Está allí, sin embargo, presente, a las cinco de la tarde de un día memorable, ante la puerta de entrada monumental del campo de concentración. Está allí, acompañando al segundo tripulante del jeep.


Éste sí está identificado: es un teniente, mejor aún, un Primer Teniente, un oficial de inteligencia militar asignado a la Unidad de Guerra Psicológica del Estado Mayor del general Omar N. Bradley.


Tampoco sabemos lo que pensaron los dos americanos al bajarse del jeep y contemplar la inscripción en letras de hierro forjado que se encuentra en la verja del portal de Buchenwald: Jeden das Seine.(A cada quien a lo suyo).


No sabemos si tuvieron tiempo de tomar nota mentalmente de tamaño cinismo, criminal y arrogante. ¡Una sentencia que alude a la igualdad entre seres humanos, a la entrada de un campo de concentración, lugar mortífero, lugar consagrado a la injusticia más arbitraria y brutal, donde sólo existía para los deportados la igualdad ante la muerte!


Auschwitz 1945
El mismo cinismo se expresaba en la sentencia inscrita en el portal de Auschwitz: Arbeit macht frei (El trabajo libera). Un cinismo característico de la mentalidad nazi.

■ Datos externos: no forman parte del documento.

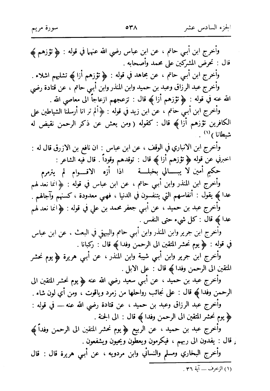 وَأخرج ابْن أبي حَاتِم عَن ابْن زيد فِي قَوْله: {ألم تَرَ أنَّا أرسلنَا الشَّيَاطِين على الْكَافرين تؤزهم أزاً} قَالَ: كَقَوْلِه: (وَمن يَعش عَن ذكر الرَّحْمَن نقيض لَهُ شَيْطَانا) (الزخرف آيَة 36)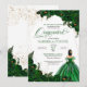 Emerald Green Elegant Roses and Gown Quinceanera I Invitation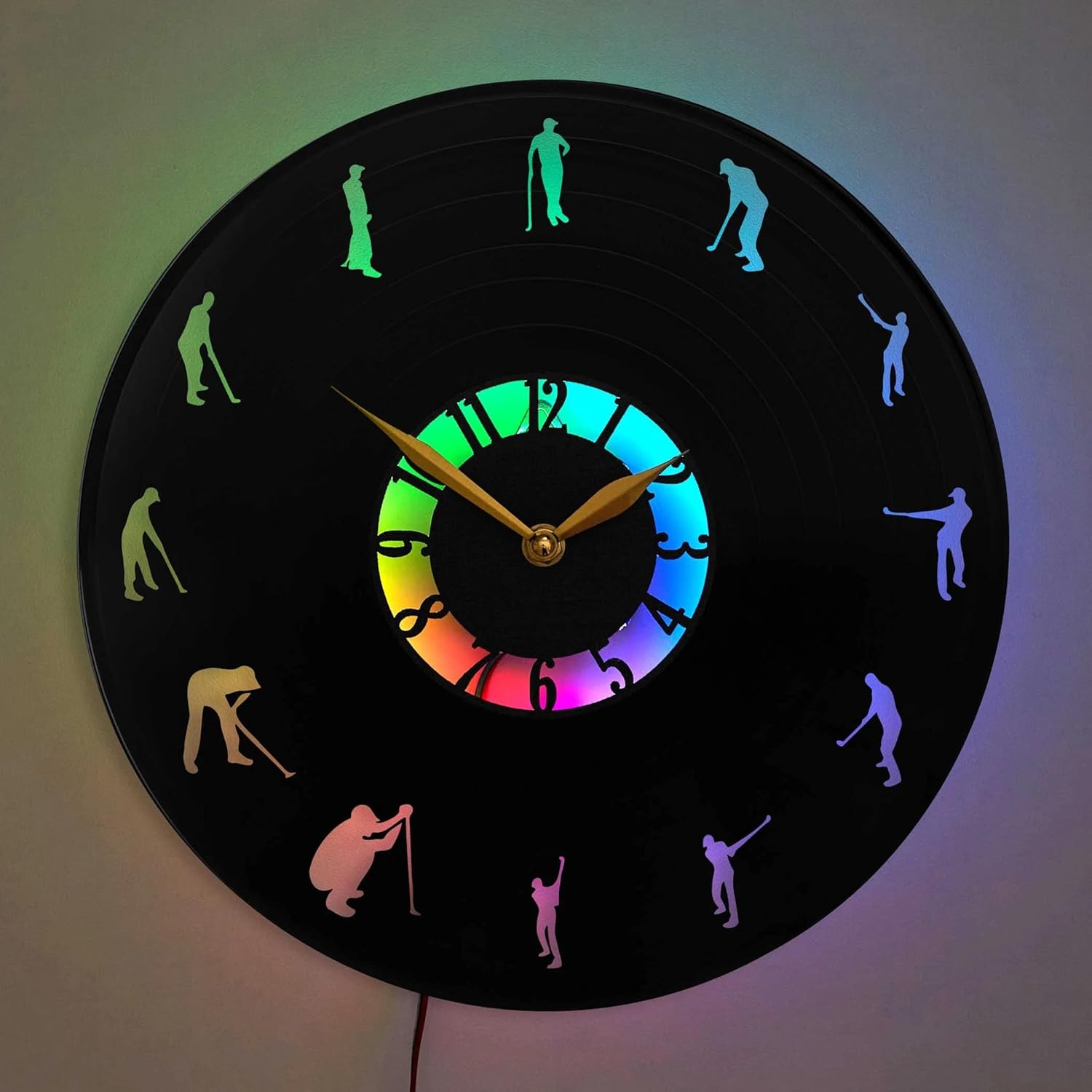 Golf LED Wall Clock – Unique Golf Swing Design, for Golf Enthusiasts, Stylish Golf Course Decor, Black

No sabemos lo que pensaron los dos americanos en aquel histórico momento. Pero sí sabemos que fueron acogidos con júbilo y aplauso por los deportados en armas que montaban la guardia ante la entrada de Buchenwald. Sabemos que fueron festejados como libertadores. Y lo eran, en efecto.


No sabemos lo que pensaron, no sabemos casi nada de sus biografías, de su historia personal, de sus gustos o disgustos, de su entorno familiar, de sus años universitarios, si es que los tuvieron.


Pero sabemos sus nombres.


El civil se llamaba Egon W. Fleck y el primer teniente Edward A. Tenenbaum. Repitamos aquí, en el Appeliplatz de Buchenwald, sesenta y cinco años después, en este espacio dramático, esos dos nombres olvidados e ilustres: Fleck y Tenenbaum.


Aquí, donde resonaba la voz gutural, malhumorada, agresiva, del Rapportführer todos los días de la semana, repartiendo órdenes o insultos; aquí donde resonaba también, por el circuito de altavoces, algunas tardes de domingo, la voz sensual y cálida de Zarah Leander, con sus sempiternas cancioncitas de amor, aquí vamos a repetir en voz alta, a voz en grito si fuera necesario, aquellos dos nombres.


Egon W. Fleck y Edward A. Tenenbaum.


Entrada de Buchenwald, soldados americanos 1945
Así, maravillosa ironía de la historia, increíble revancha significativa, los dos primeros americanos que llegan a la entrada de Buchenwald, aquel 11 de abril de 1945, con el Ejército de la liberación, son dos combatientes judíos. Y por si fuera poco, dos judíos americanos de filiación germánica, más o menos reciente.


Ya sabemos, pero no es inútil repetirlo, que en la guerra imperialista de agresión que desencadena en 1939 el nacionalsocialismo, y que aspira al establecimiento de una hegemonía totalitaria en Europa, y acaso en el mundo entero, ya sabemos que en dicha guerra, el propósito constante y consecuente de exterminar al pueblo judío constituye un objetivo esencial, localmente prioritario, entre los fines de guerra de Hitler.


Sin tapujos ni concesiones a ninguna restricción mortal, el antisemitismo racial forma parte del código genético de la ideología del nazismo, desde los primeros escritos de Hitler, desde sus primerísimas actividades políticas.


Para la llamada solución final de la cuestión judía en Europa, el nazismo organiza el exterminio sistemático en el archipiélago de campos especiales del conjunto Auschwitz- Birkenau, en Polonia.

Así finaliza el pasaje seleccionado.